Sambut Hari Film Nasional ke-71

Penggiat Film Medan “Merayakan Layar” & Peringati 100 Tahun H. Usmar Ismail

Selasa, 30 Maret 2021 | 17:52 WIB

Bertepatan Hari Film Nasional ke-71 yang jatuh pada 30 Maret 2021, Kinocolony dan Wadah Temu Film Medan menyelenggarakan kegiatan “Merayakan Layar” sekaligus peringatan 100 tahun tokoh perfilman Indonesia H. Usmar Ismail.

Kegiatan ini diawali dengan pemutaran dan diskusi tentang film sejak 26 Maret 2021 sampai 29 Maret 2021 yang diadakan di sejumlah lokasi di Kota Medan dan akan diakhiri dengan acara puncak pada 30 Maret 2021 di 117 Coffee Jalan Perdana Nomor 117, Kelurahan Kesawan, Kecamatan Medan Barat, Kota Medan mulai pukul 14.00 WIB hingga selesai.

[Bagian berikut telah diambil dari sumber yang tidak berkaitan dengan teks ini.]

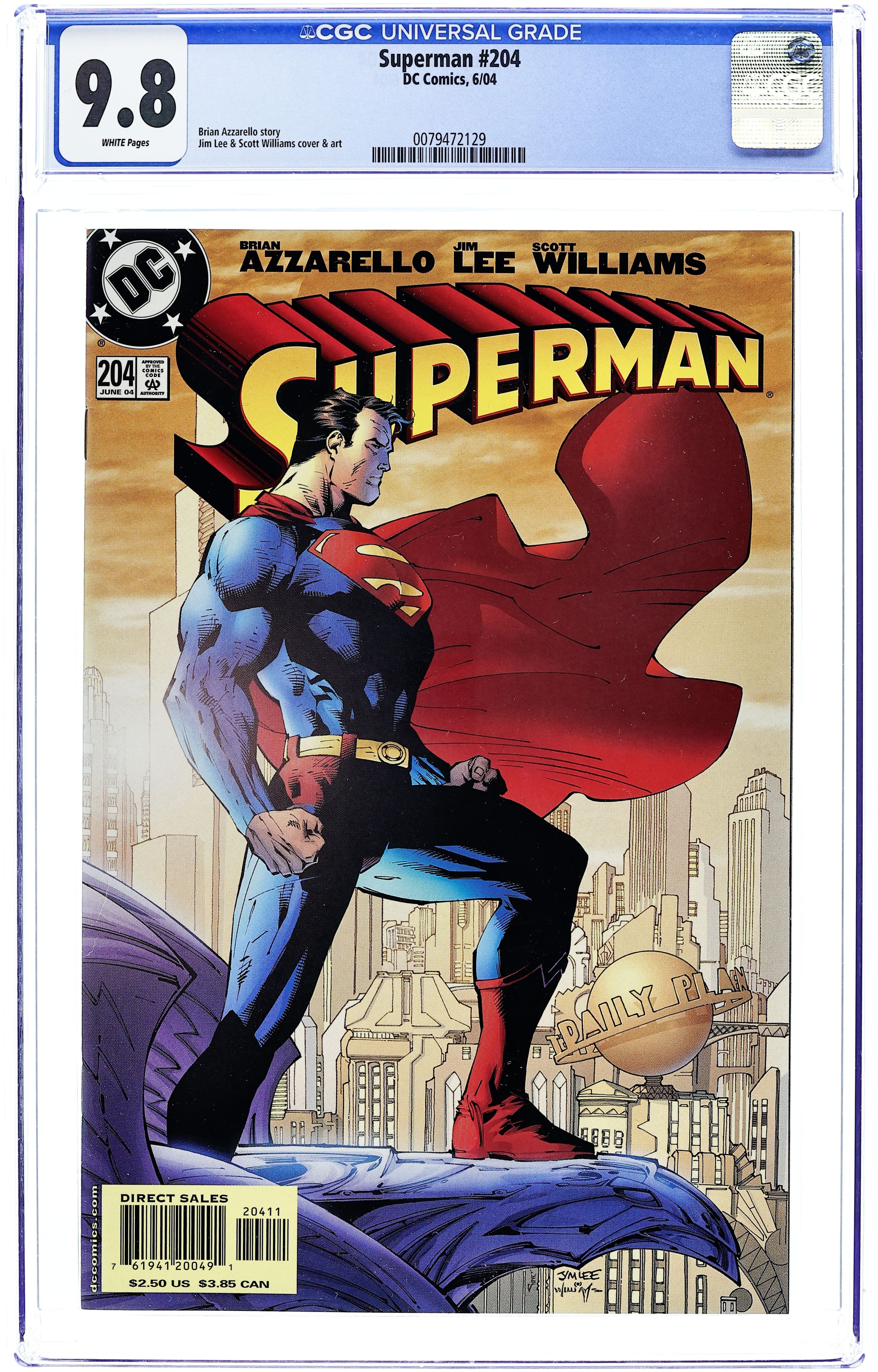 JIM LEE. Do we have your attention? You've been hearing the buzz for months, and now the main event is finally here! Fresh off his blockbuster run on BATMAN, Lee - Wizard Magazine's Best Artist of 2003 - is getting back in the ring to go twelve rounds with the Man of Steel. Along with inker extraordinaire Scott Williams, the "Hush" art team is going to give you a Superman like none you've ever seen before. BRIAN AZZARELLO. Every great fighter needs a great sparring partner, and this time around, Eisner Award-winning writer Azzarello, hot off his own best-selling 6-issue run on BATMAN, delivers the goods. Together, these heavyweights present "For Tomorrow" a 12-part storyline sure to grab readers by the throat and hold on tight. It kicks off in SUPERMAN #204, an extra- sized 40-page issue! A cataclysmic event has struck the earth. Millions of people have vanished without a trace. No one is left unaffected - not even Superman. A year has passed, and Superman is left with many questions and very few answers. For a hero who tries to have all the answers, it's torture. And just as the action heats up and the stakes are raised, one huge question emerges: Just how far is Superman willing to go "For Tomorrow"? Cover price $2.50.

Beberapa film yang telah di putar antara lain adalah “Memoria Tanah Ingatan” karya Kamila Andini, “Setengah Sendok Teh” karya Ifa Isfansyah, “Jadi La Surong” karya Ori Semloko dan masih banyak film lainnya.

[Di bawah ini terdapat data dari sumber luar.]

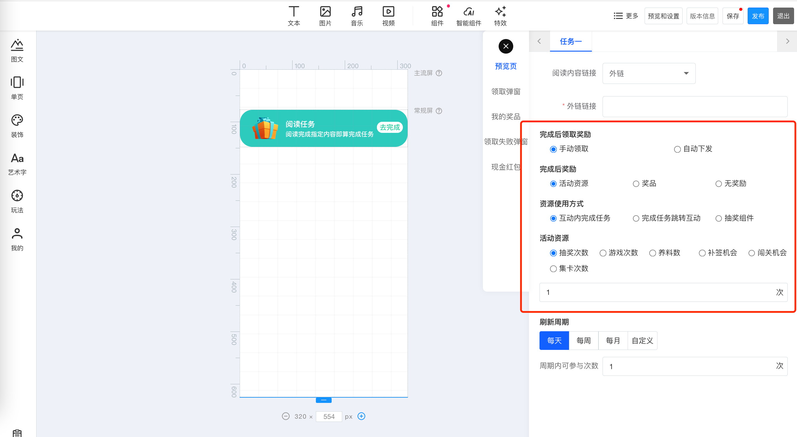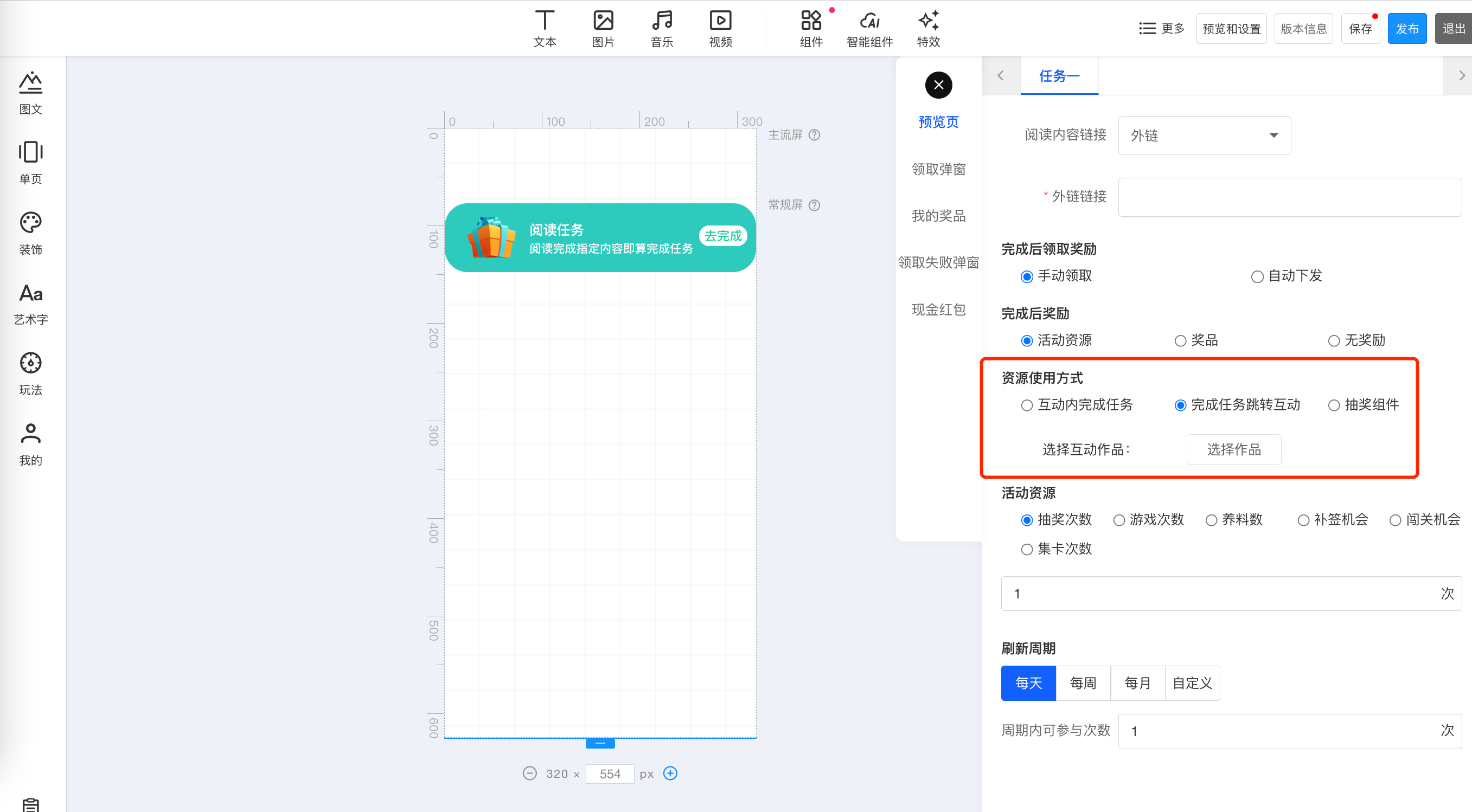 更适配,我们对任务组件做了优化,包括任务组件新增可主动关联互动作品、H5抽奖组件;完成任务获得奖励中新增集卡次数,即互动集卡活动可以设置完成任务获得

Dengan menerapkan protokol kesehatan yang ketat, adapun program kegiatan yang akan dilakukan antara lain pemutaran dan diskusi film “Tiga Dara” (1957) karya Usmar Ismail, hasil restorasi yang didukung penuh oleh SA Films dan Forum Grup Diskusi dengan tema “Sinema dan Pergerakannya di Kota Medan”.

Untuk sekedar informasi, kegiatan ini terbuka untuk umum dan tanpa dipungut biaya.

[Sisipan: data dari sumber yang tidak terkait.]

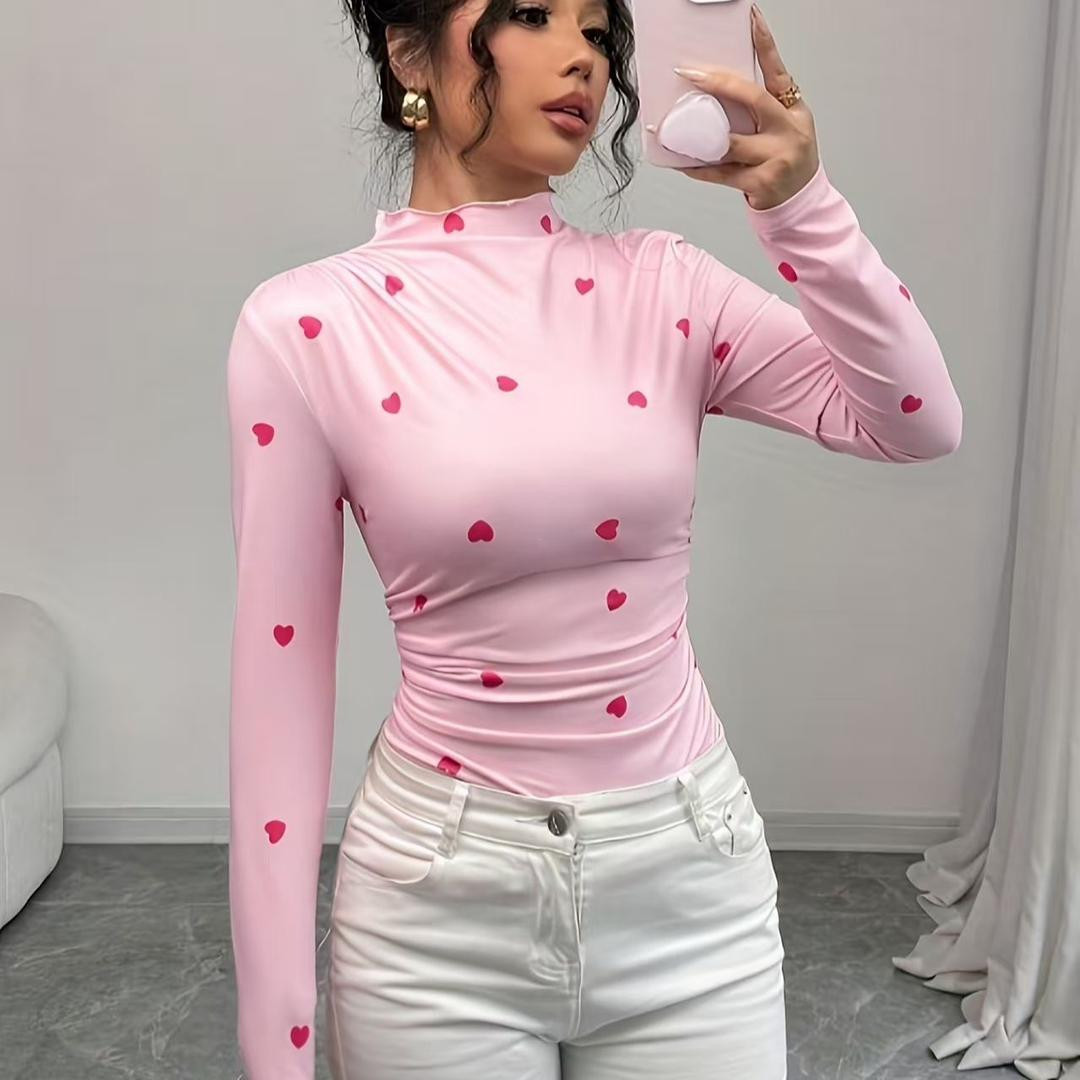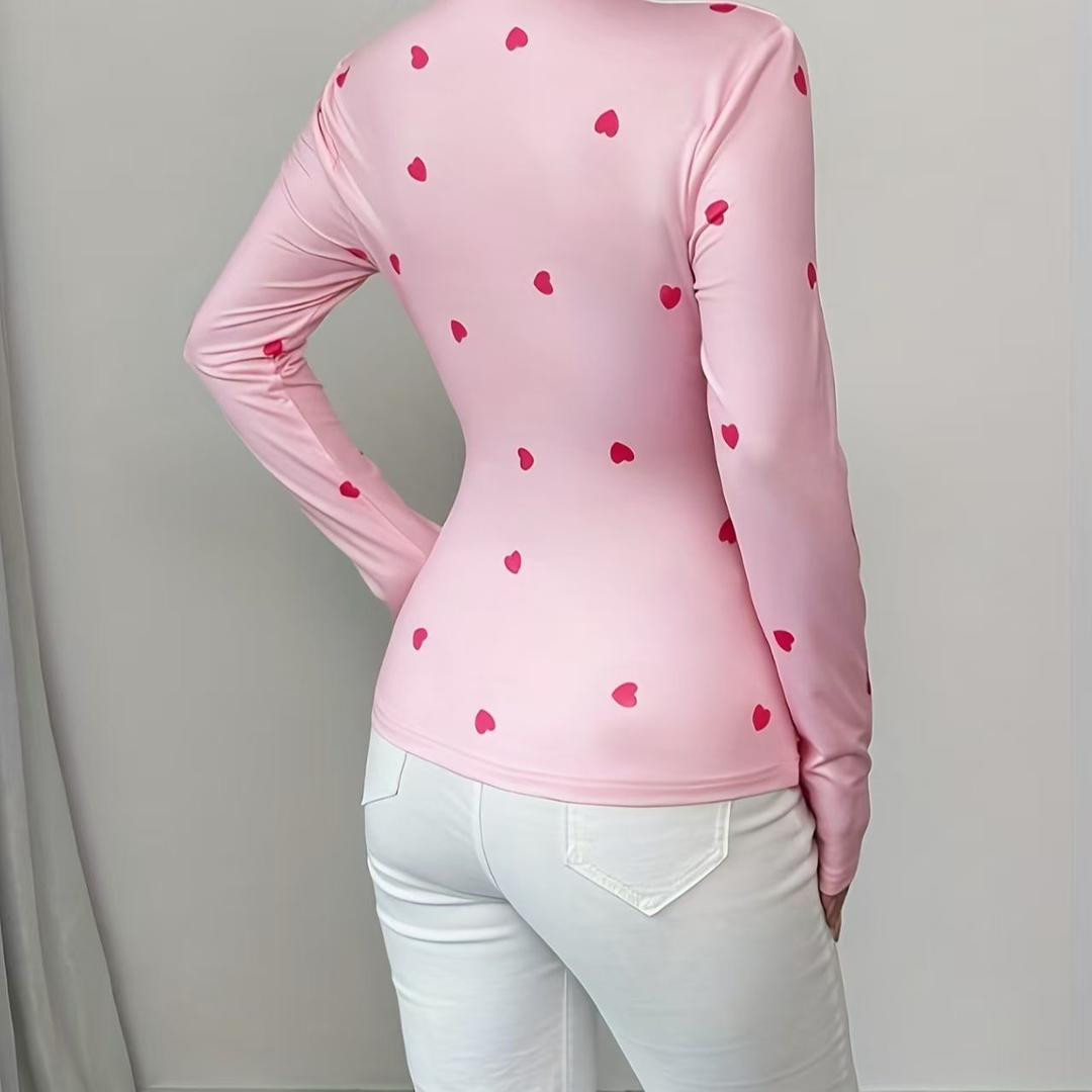 بلوزة نسائية بأكمام طويلة مزينة بنقشة قلب ناعمة تصميم بسيط وأنيق

Kaleb Sitompul sebagai penggagas kegiatan “Merayakan Layar” mengatakan awalnya ide membuat pemutaran ini berangkat dari keinginan untuk membagi ilmu tentang film ke daerah, yang mana mereka berasal dari Fakultas Film dan Televisi Institut Kesenian Jakarta dan dari beberapa kampus film lainnya.

“Saya tidak memandang sekolah film hanya sebatas jalur tempuh pendidikan untuk mencapai karir di film, terlebih dari itu ada ilmu pengetahuan tentang film yang meskipun saya tidak bilang bahwa saya benar-benar memahami seluruhnya tetapi ilmu ini ada sesuatu yang harus dibagikan terutama untuk teman-teman yang ada di daerah”, ungkap Kaleb.

Ia juga mengatakan sekolah film yang ada di Indonesia masih bisa dihitung jari dan mengakibatkan terbatasnya pola pikir dan didikan akademik yang dilahirkan.

“Kita bisa melihat faktanya bahwa sekolah film di Indonesia masih bisa dihitung jari, akibatnya pola pikir dan lulusan akademik yang dilahirkan dari sekolah-sekolah SMA dan SMK tidak membuka pintu yang luas terhadap pilihan sekolah kesenian”, ujar Kaleb.

“Pada akhirnya lahir program-program alternatif seperti ini adalah untuk membagikan wawasan serta pilihan menonton yang tidak didapatkan pada media mainstream”, tambahnya.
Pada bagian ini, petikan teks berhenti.